The show has a strong understanding of how romantic cheating can get, which makes the way it pulls its punches all the more confusing, according to executive producer and writer Stephen Falk The Hollywood Reporter that in keeping with the utopian sci-fi nature of the setting, “we wanted to live in a world where” neither racism nor sexism existed. “The politics on the show is more about capitalism and the American dream than things like racism and sexism,” Falk said.
But the problem with this is that you can’t separate things like ‘capitalism’, ‘the American dream’ and ‘racism’. Sure you could do that, but you end up with an extremely limited vision of the capitalist American Dream. Ground zero of this dream after World War II was the suburbs. These suburbs started with Levittown, Pennsylvania, and had white supremacy baked right into the leases; Levitt & Sons specifically did not sell homes to black families, and when a black family moved into a home in Levittown in 1957, they were routinely harassed. Not all suburbs had racism built in the same way, but Levittown cemented the vision of the American dream as lily white.
And suburban dreams are gone Hello, including a particularly gruesome package drop in the first episode, “Your Brighter Tomorrow, Today.” The interesting thing about Falk’s quote is that Hello morning! feels like it’s working towards a comment on racism anyway. Nobody does more work for Brightside than Shirley (Wood), who runs the entire operation on a day-to-day basis. Like the others, she firmly believes in life on the moon, but works with Jack to ensure her operation is indeed successful. She takes his selling points to heart and works day and night to find the right audience for her can’t-be-so-good offers. In other words, it’s easy to imagine Shirley falling for Jack’s swindle. And whatever Jack’s personal feelings toward Shirley, it’s hard to ignore the visuals of the situation.
The racism is implicit on Hello, and knowing that the show is actively cutting that reading it feels like wasting a fantastic storytelling opportunity. It’s not like capitalism stopped being racist after Levittown. The crypto industry supported white supremacists, tokenized its black employeesAnd oversold his “digital rebellion” with the help of celebrities like Spike Lee And Stephen Curry. crypto was seek Black wallets to prop up a house of cards just like Jack Shirley was looking for. The comparisons are right there.

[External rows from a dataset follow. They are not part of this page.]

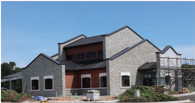
Neosho Branch (Under Construction)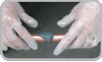
1. Apply Epoxy Putty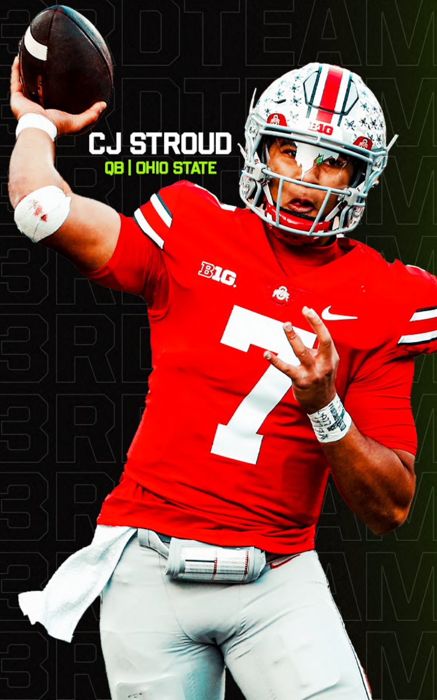
CJ STROUD QB | OHIO STATE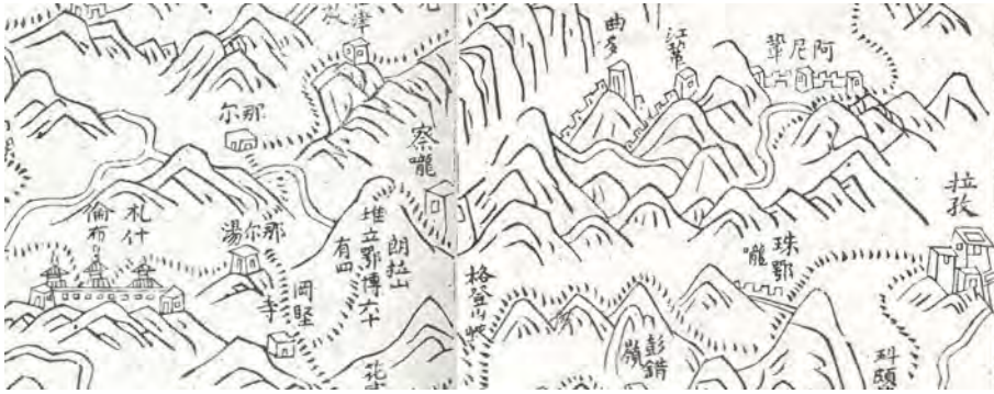
Chalong, Chuduo, Jiangong, and Anigong on Song Yun's map (map oriented to the south, from Huang Peiqiao 1894: 58 and 59), Tashilhunpo and Lhatse are shown on the edge of the map.

On the Wise Collection map, Lhatse Dzong is shown on a massive rock. This place was described by Das as “the chief place of trade in Upper Tsang”. 83 The nearby monastery Lhatse Chödé (Lha rtse chos de), the Lhatse ferry station, and a Qing post are also shown in detail (No. 243).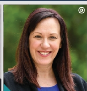
MARY "MJ" HEGAR FOR TEXAS U.S. SENATOR OF THE UNITED STATES OF AMERICA MJFORTHETEXAS.COM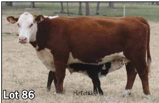
Lot 86 Hotchkiss

Consigned by Triple L Ranch. 100% Polled Hereford cow that works with any bull. She produces great replacement heifers. Her calf at side is out of 9487 and bred back to Kansas. This is a package you don't want to miss out on.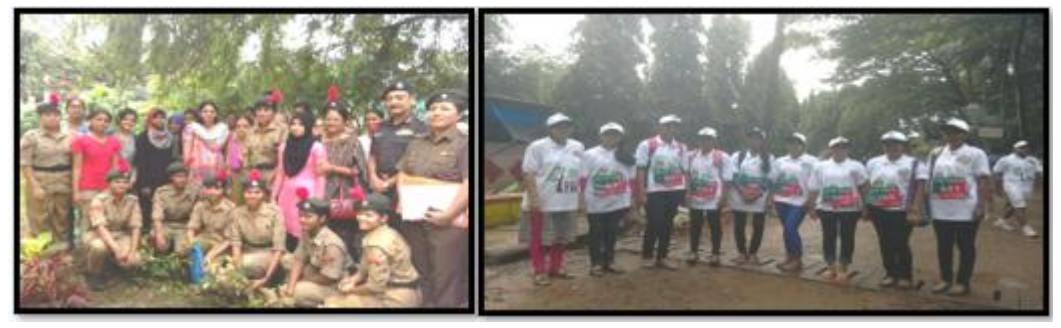
Tree Plantation in college campus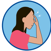
Headache that is unusual or long-lasting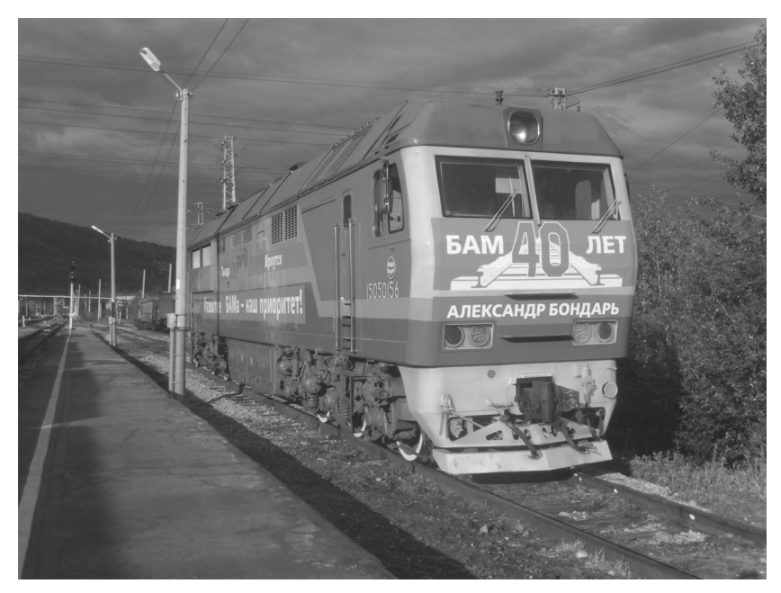
Figure 5. Train "40th Anniversary of the BAM."

Two trains coming from the opposite directions—from Irkutsk in the west and Khabarovsk in the east—left to meet in the city of Tynda and stopped at every BAM station and settlement to celebrate the anniversary. Their passengers were BAM veterans, who met the second generation of BAM builders at every stop.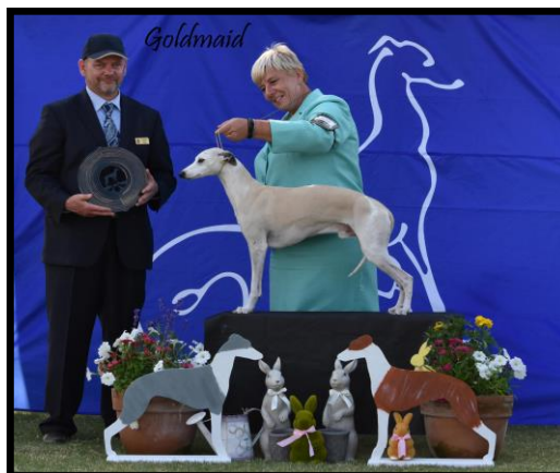
Best Opp Veteran in Show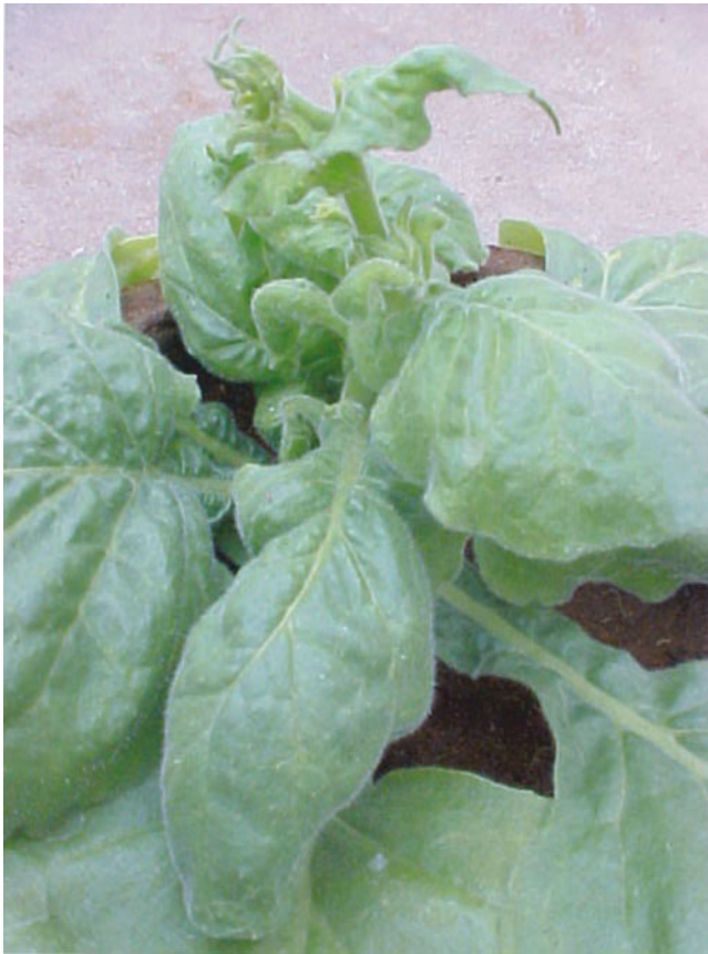
Fig. 3. ICMV-infected Nicotiana benthamiana leaves showing symptoms of rosetting.

2005). The sizes of the amplified products were 560 bp and 800 bp, respectively (Fig. 4). The amplified product of the ICMV coat protein from bittergourd was cloned and sequenced. The sequence was submitted to GenBank (accession number DQ780004). The most similar protein within GenBank was the coat protein of ICMV from cassava (accession number AY998122; 99% similarity). To date there are no reports of ICMV on cultivated crops other than cassava in India. In our study we identified the occurrence of ICMV on bittergourd grown in Tamil Nadu, India.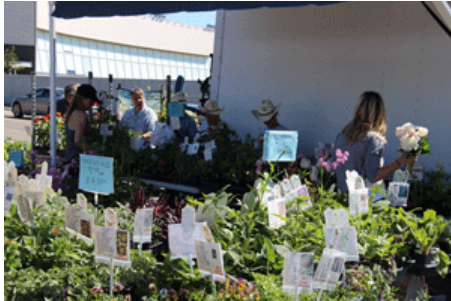
The Farmers' Market has flowers, produce and Michigan-made products and crafts.

Every Thursday through October Farmers' Market 8 a.m. - 3 p.m.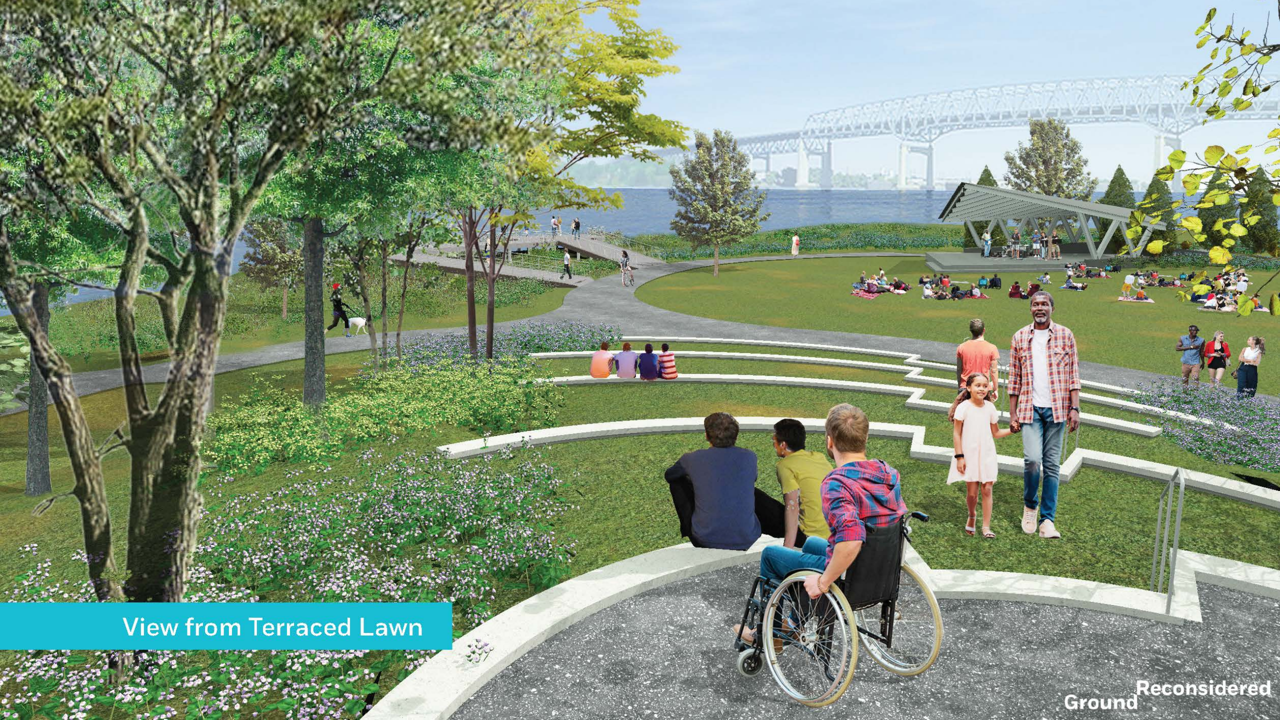
View from Terraced Lawn

None of this should detract from Crudup and Wood’s performances — they’re the show’s most dynamic pairing. One is a walking bullshitter and the other has a great bullshit detector blinded by lunar interference. The show is still a fascinating look at how a scam like crypto can feel as real as the moon in the sky and just as unreachable. If they get another season maybe they’ll start to really sell how the big American scams are all related.
The first five episodes of Hello morning! stream now on Apple TV Plus. New episodes appear every Friday.